DATA FOR ANALYSIS>
*** Block opens ***

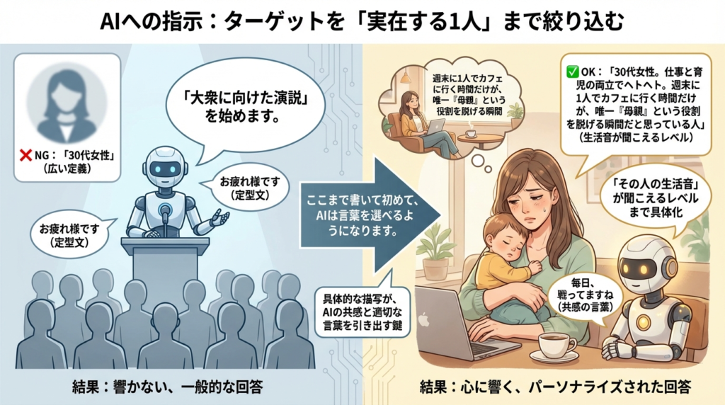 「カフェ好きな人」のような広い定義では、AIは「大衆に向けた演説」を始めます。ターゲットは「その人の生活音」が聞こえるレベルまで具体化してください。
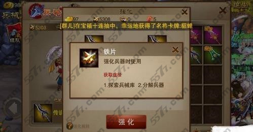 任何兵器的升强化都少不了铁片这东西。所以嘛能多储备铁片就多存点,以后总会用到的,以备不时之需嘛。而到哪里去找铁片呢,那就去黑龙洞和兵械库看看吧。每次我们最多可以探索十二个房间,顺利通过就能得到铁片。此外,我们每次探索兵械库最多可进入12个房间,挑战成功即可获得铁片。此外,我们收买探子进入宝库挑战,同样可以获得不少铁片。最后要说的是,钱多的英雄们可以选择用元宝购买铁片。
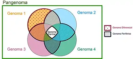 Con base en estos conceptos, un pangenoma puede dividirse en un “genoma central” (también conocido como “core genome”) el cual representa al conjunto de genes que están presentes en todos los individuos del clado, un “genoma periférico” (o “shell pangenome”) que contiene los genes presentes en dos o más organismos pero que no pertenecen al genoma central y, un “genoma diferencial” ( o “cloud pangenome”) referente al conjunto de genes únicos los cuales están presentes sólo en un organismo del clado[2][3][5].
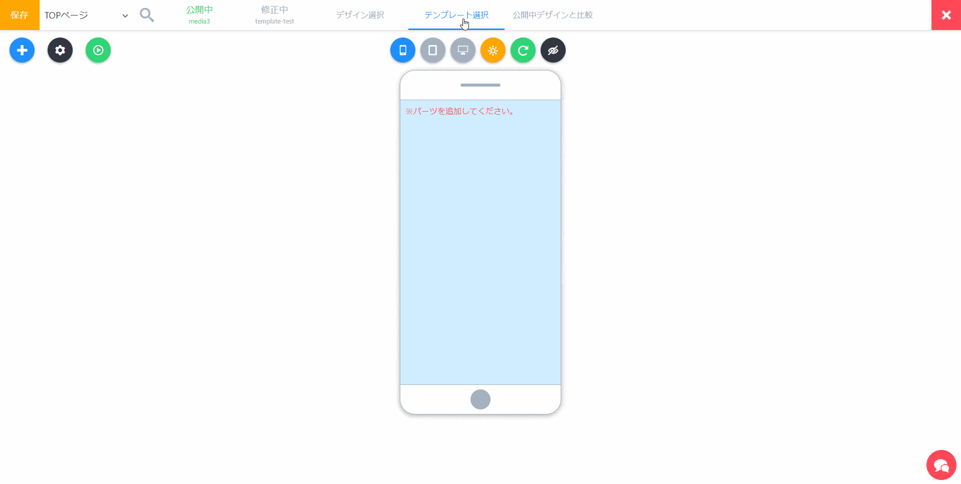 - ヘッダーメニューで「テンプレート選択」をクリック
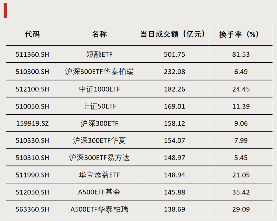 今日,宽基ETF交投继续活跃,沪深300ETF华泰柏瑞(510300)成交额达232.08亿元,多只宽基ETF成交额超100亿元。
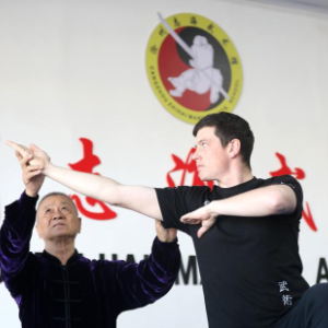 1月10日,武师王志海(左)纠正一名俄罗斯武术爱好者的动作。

*** Block closes ***
*** Block opens ***

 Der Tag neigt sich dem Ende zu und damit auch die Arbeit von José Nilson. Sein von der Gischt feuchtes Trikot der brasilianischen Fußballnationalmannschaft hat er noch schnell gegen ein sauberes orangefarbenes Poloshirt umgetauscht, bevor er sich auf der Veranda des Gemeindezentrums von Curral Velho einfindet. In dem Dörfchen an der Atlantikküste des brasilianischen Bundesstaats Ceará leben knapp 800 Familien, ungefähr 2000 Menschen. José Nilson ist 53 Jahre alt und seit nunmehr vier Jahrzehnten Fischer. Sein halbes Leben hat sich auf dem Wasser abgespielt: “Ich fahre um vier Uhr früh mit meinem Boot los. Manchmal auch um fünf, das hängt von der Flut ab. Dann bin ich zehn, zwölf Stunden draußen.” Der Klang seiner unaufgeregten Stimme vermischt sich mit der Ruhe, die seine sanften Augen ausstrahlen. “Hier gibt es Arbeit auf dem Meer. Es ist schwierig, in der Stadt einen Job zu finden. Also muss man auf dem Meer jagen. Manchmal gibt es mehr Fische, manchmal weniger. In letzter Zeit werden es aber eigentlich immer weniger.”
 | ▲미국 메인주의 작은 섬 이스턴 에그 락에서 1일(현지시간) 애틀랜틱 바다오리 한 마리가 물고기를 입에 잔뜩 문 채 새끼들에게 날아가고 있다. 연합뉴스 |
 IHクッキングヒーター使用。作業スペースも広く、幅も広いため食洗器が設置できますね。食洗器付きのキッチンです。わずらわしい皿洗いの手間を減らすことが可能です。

*** Block closes ***

WORK ORDER>
Nothing but the lines from the one with "任何兵器的升强化都少不了铁片" up to and including the one with "1月10日,武师王志海(左)纠正一名俄罗斯武术爱好者的动作。" should be printed, exactly as they read above. Please keep the pictures out.

EXERCISE RESULT>
 任何兵器的升强化都少不了铁片这东西。所以嘛能多储备铁片就多存点,以后总会用到的,以备不时之需嘛。而到哪里去找铁片呢,那就去黑龙洞和兵械库看看吧。每次我们最多可以探索十二个房间,顺利通过就能得到铁片。此外,我们每次探索兵械库最多可进入12个房间,挑战成功即可获得铁片。此外,我们收买探子进入宝库挑战,同样可以获得不少铁片。最后要说的是,钱多的英雄们可以选择用元宝购买铁片。
 Con base en estos conceptos, un pangenoma puede dividirse en un “genoma central” (también conocido como “core genome”) el cual representa al conjunto de genes que están presentes en todos los individuos del clado, un “genoma periférico” (o “shell pangenome”) que contiene los genes presentes en dos o más organismos pero que no pertenecen al genoma central y, un “genoma diferencial” ( o “cloud pangenome”) referente al conjunto de genes únicos los cuales están presentes sólo en un organismo del clado[2][3][5].
 - ヘッダーメニューで「テンプレート選択」をクリック
 今日,宽基ETF交投继续活跃,沪深300ETF华泰柏瑞(510300)成交额达232.08亿元,多只宽基ETF成交额超100亿元。
 1月10日,武师王志海(左)纠正一名俄罗斯武术爱好者的动作。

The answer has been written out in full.